- **PROBLEM REQUIREMENTS**: Could you transcribe the entries below exactly, starting at the line that contains "Для двумерного ВП" and stopping at the last line, without any pictures?

BEGIN INPUT MATERIAL

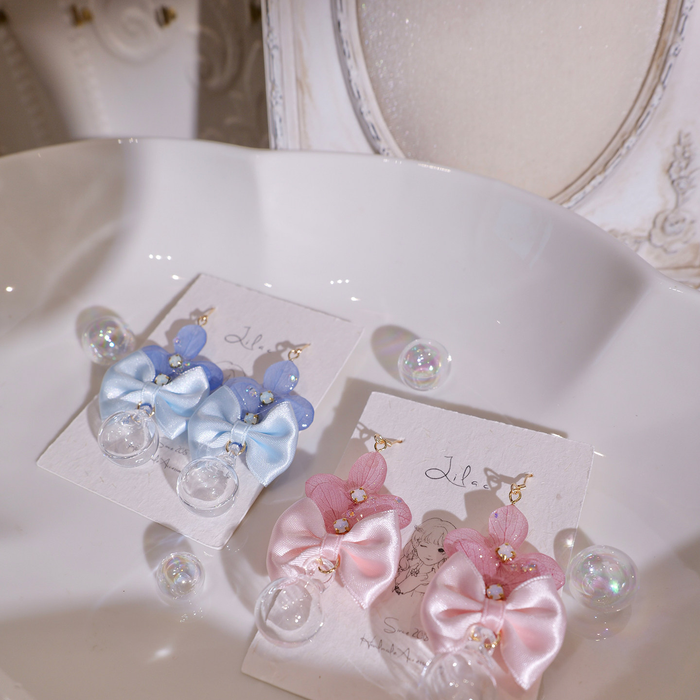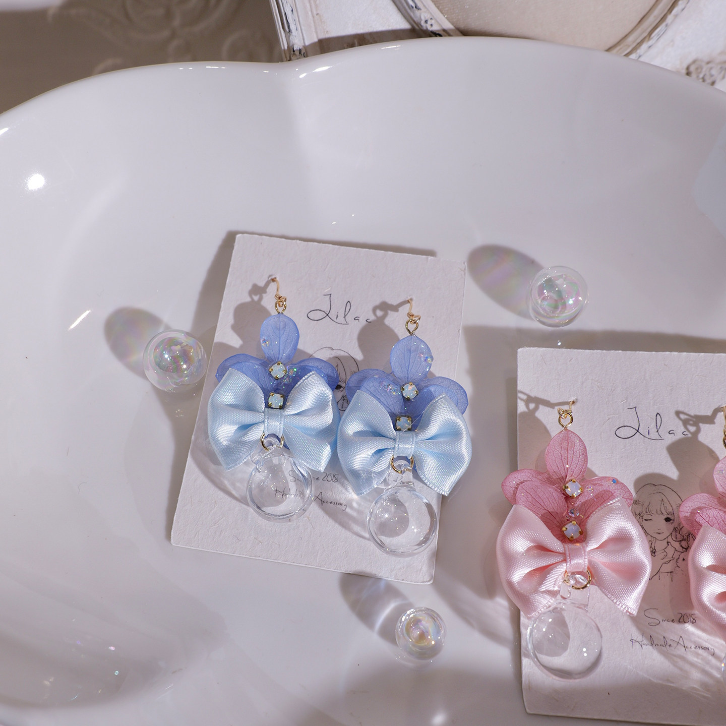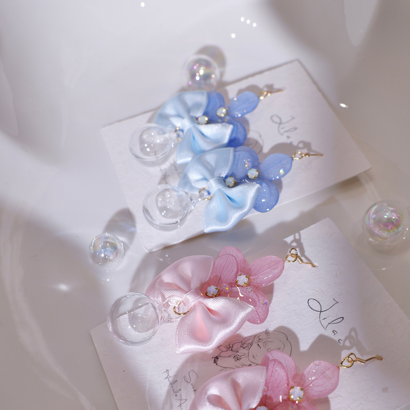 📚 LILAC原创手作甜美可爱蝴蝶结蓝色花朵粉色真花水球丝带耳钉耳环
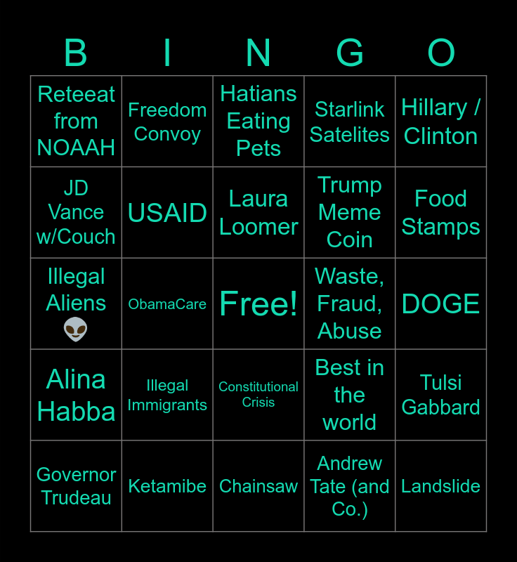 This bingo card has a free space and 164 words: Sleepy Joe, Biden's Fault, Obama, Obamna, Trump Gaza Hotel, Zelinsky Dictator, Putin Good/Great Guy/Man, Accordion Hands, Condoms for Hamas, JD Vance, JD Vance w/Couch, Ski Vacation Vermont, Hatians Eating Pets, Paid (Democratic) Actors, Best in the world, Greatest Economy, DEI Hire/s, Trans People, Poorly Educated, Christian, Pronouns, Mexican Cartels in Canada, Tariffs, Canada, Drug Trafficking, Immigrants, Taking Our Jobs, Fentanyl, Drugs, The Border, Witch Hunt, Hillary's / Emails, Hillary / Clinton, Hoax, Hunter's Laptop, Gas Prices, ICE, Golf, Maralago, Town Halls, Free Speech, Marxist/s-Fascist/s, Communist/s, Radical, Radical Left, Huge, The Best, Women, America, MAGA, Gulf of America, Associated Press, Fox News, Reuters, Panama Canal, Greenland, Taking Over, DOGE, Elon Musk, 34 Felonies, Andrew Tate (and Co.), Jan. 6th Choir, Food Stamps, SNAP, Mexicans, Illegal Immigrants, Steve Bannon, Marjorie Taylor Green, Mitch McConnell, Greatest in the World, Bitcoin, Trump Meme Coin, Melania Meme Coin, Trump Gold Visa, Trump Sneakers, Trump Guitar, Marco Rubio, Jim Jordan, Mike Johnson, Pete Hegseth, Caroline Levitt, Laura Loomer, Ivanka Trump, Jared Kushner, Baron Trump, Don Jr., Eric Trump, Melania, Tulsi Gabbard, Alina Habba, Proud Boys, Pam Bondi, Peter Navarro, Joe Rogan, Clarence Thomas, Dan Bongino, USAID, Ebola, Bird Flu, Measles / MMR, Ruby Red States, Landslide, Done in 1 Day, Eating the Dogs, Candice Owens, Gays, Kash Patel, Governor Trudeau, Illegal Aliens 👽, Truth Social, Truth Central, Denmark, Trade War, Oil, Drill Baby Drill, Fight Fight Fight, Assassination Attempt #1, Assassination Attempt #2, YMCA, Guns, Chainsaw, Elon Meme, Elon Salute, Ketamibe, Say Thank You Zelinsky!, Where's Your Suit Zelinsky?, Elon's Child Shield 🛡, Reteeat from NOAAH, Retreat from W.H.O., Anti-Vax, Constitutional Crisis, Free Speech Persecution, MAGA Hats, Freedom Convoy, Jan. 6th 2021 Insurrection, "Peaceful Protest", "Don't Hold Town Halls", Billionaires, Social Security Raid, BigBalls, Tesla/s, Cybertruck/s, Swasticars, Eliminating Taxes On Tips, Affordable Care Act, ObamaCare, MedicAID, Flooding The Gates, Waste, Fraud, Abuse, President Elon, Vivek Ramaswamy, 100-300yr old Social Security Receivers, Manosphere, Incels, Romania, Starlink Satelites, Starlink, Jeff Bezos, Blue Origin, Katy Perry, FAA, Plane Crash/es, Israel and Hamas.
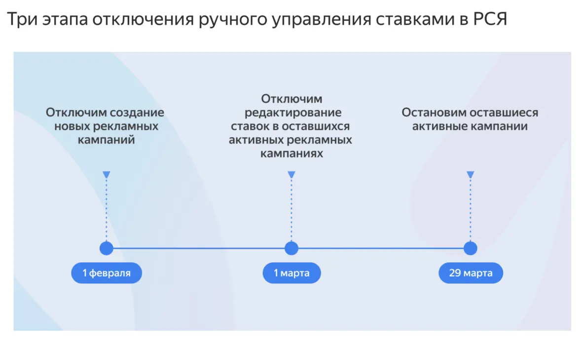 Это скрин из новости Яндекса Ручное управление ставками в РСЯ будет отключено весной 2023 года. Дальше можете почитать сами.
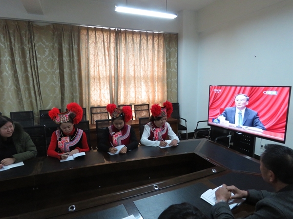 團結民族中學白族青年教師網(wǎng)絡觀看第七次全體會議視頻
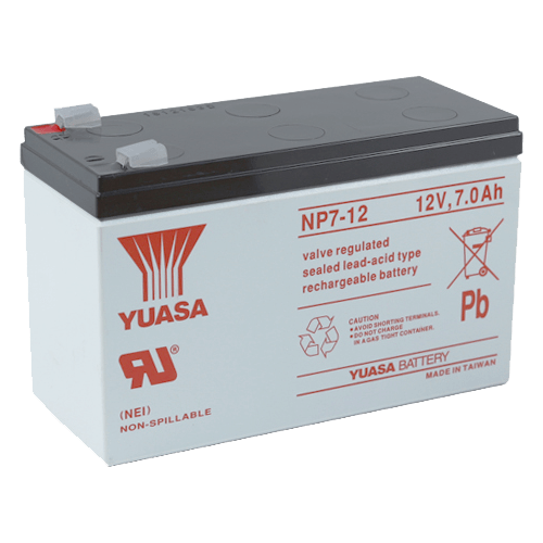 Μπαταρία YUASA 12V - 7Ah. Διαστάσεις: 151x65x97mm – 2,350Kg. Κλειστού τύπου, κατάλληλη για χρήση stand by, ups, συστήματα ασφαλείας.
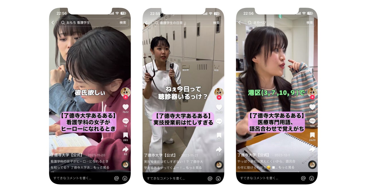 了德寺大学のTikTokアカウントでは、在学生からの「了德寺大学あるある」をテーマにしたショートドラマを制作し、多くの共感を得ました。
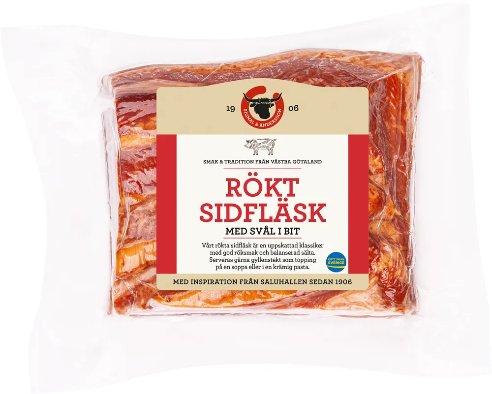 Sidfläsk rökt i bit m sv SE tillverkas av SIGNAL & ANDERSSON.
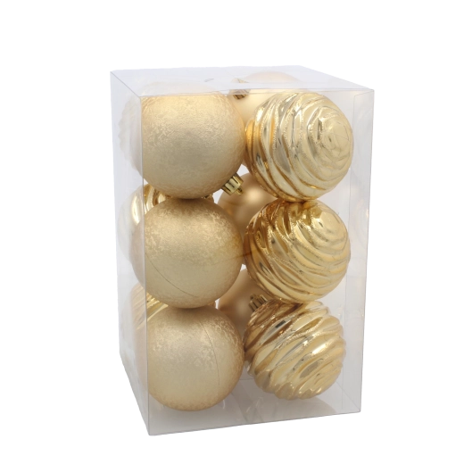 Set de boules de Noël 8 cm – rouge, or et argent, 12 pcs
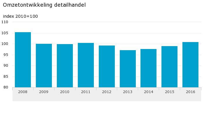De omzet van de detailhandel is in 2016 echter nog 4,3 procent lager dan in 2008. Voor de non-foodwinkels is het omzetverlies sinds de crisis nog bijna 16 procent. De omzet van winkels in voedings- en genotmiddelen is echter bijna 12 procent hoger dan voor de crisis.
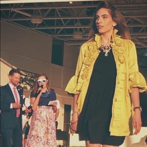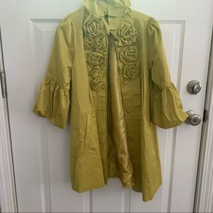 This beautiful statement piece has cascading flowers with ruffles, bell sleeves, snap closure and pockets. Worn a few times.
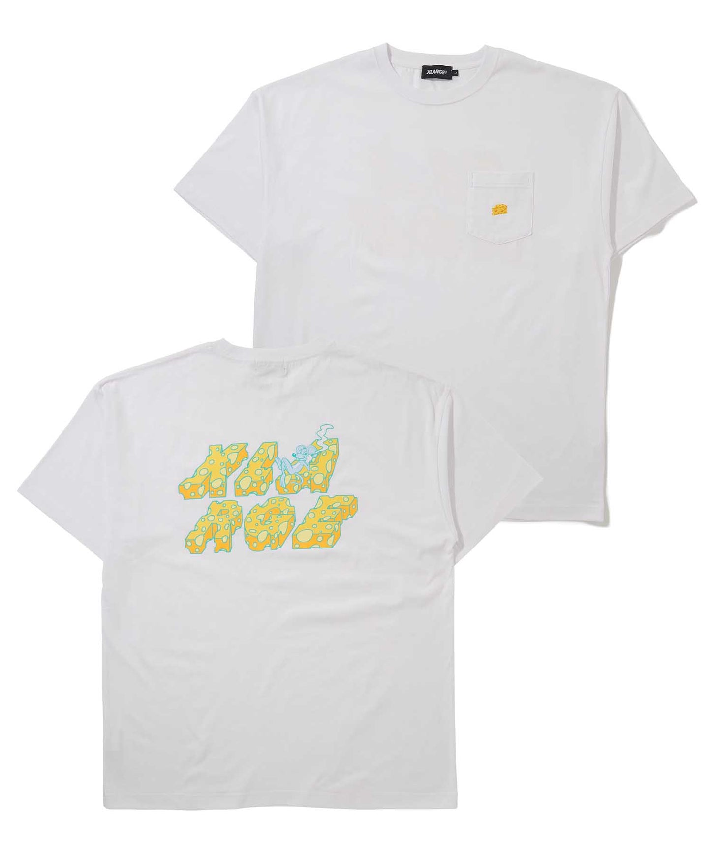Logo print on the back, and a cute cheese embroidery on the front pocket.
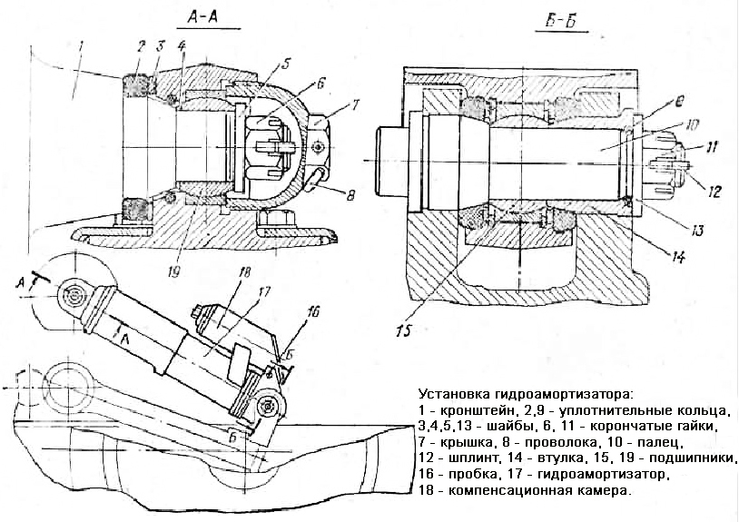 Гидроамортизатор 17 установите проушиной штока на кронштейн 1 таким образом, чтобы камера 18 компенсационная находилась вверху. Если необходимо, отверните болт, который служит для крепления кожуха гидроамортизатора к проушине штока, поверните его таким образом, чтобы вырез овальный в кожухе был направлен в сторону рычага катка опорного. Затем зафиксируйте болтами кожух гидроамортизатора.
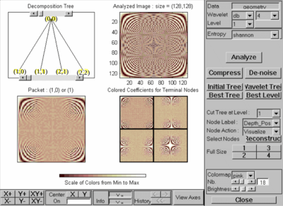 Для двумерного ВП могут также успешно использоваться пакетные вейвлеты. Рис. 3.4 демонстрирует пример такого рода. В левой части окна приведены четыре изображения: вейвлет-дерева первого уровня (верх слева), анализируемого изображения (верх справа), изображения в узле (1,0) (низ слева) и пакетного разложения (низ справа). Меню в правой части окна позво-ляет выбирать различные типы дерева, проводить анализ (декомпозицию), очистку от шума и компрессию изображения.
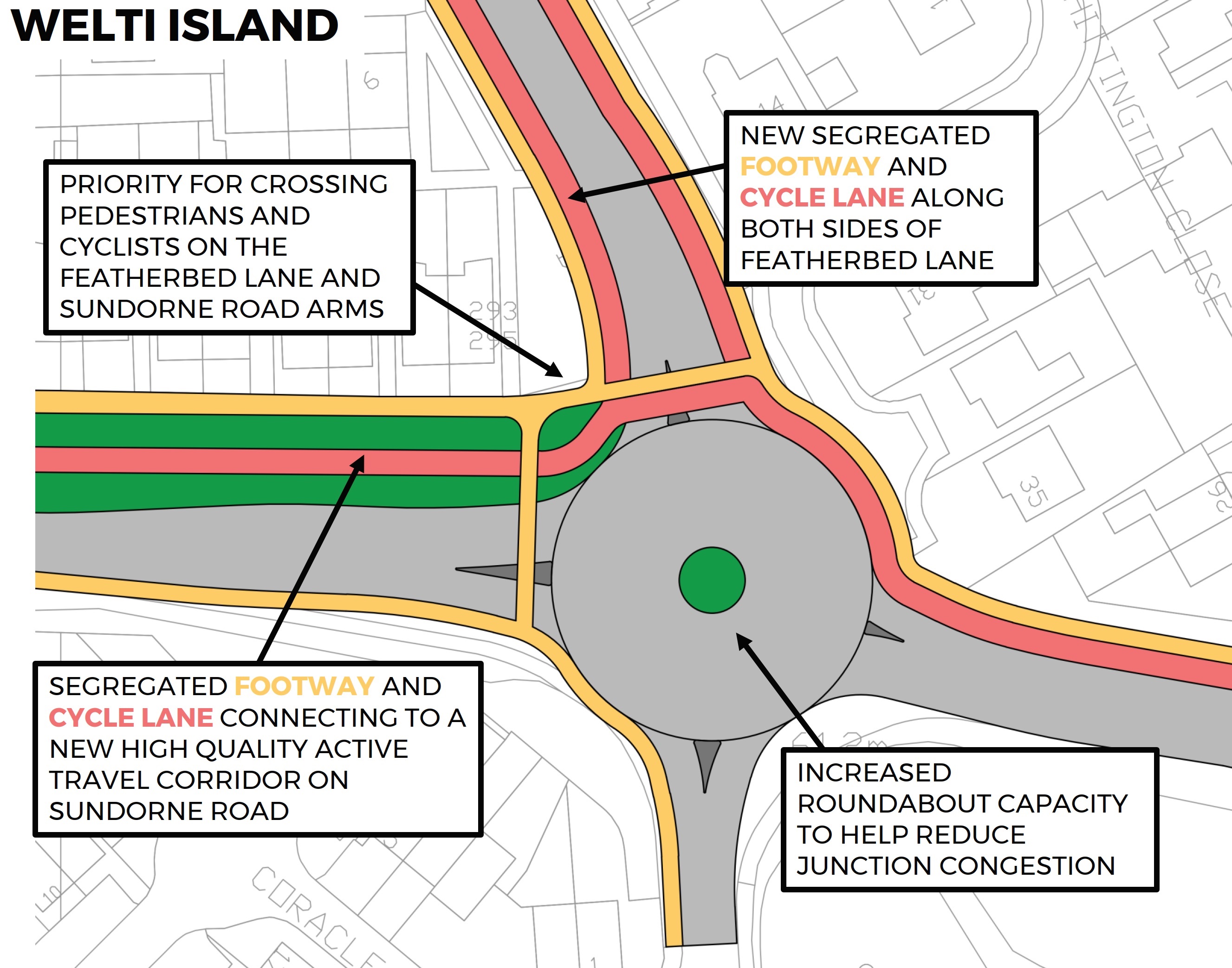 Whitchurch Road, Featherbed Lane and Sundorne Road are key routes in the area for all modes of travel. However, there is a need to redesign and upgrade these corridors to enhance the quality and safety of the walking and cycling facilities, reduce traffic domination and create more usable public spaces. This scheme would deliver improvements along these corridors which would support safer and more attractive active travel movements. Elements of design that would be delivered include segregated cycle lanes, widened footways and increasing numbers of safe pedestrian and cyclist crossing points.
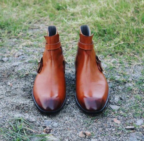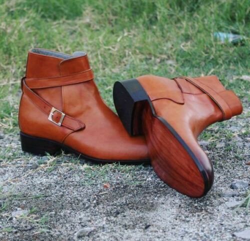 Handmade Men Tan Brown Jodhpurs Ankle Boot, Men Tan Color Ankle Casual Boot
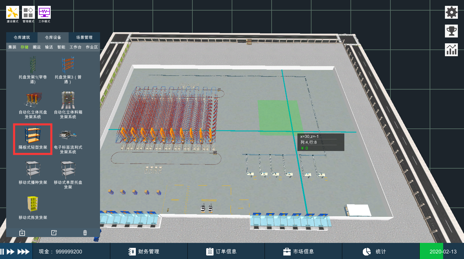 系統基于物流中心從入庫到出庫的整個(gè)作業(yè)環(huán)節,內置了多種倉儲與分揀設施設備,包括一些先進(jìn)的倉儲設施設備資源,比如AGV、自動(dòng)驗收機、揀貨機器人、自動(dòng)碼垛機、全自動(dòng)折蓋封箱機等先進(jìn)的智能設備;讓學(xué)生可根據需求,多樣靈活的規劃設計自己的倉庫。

END INPUT MATERIAL

- **ANSWER TO THIS TASK**:
 Для двумерного ВП могут также успешно использоваться пакетные вейвлеты. Рис. 3.4 демонстрирует пример такого рода. В левой части окна приведены четыре изображения: вейвлет-дерева первого уровня (верх слева), анализируемого изображения (верх справа), изображения в узле (1,0) (низ слева) и пакетного разложения (низ справа). Меню в правой части окна позво-ляет выбирать различные типы дерева, проводить анализ (декомпозицию), очистку от шума и компрессию изображения.
 Whitchurch Road, Featherbed Lane and Sundorne Road are key routes in the area for all modes of travel. However, there is a need to redesign and upgrade these corridors to enhance the quality and safety of the walking and cycling facilities, reduce traffic domination and create more usable public spaces. This scheme would deliver improvements along these corridors which would support safer and more attractive active travel movements. Elements of design that would be delivered include segregated cycle lanes, widened footways and increasing numbers of safe pedestrian and cyclist crossing points.
 Handmade Men Tan Brown Jodhpurs Ankle Boot, Men Tan Color Ankle Casual Boot
 系統基于物流中心從入庫到出庫的整個(gè)作業(yè)環(huán)節,內置了多種倉儲與分揀設施設備,包括一些先進(jìn)的倉儲設施設備資源,比如AGV、自動(dòng)驗收機、揀貨機器人、自動(dòng)碼垛機、全自動(dòng)折蓋封箱機等先進(jìn)的智能設備;讓學(xué)生可根據需求,多樣靈活的規劃設計自己的倉庫。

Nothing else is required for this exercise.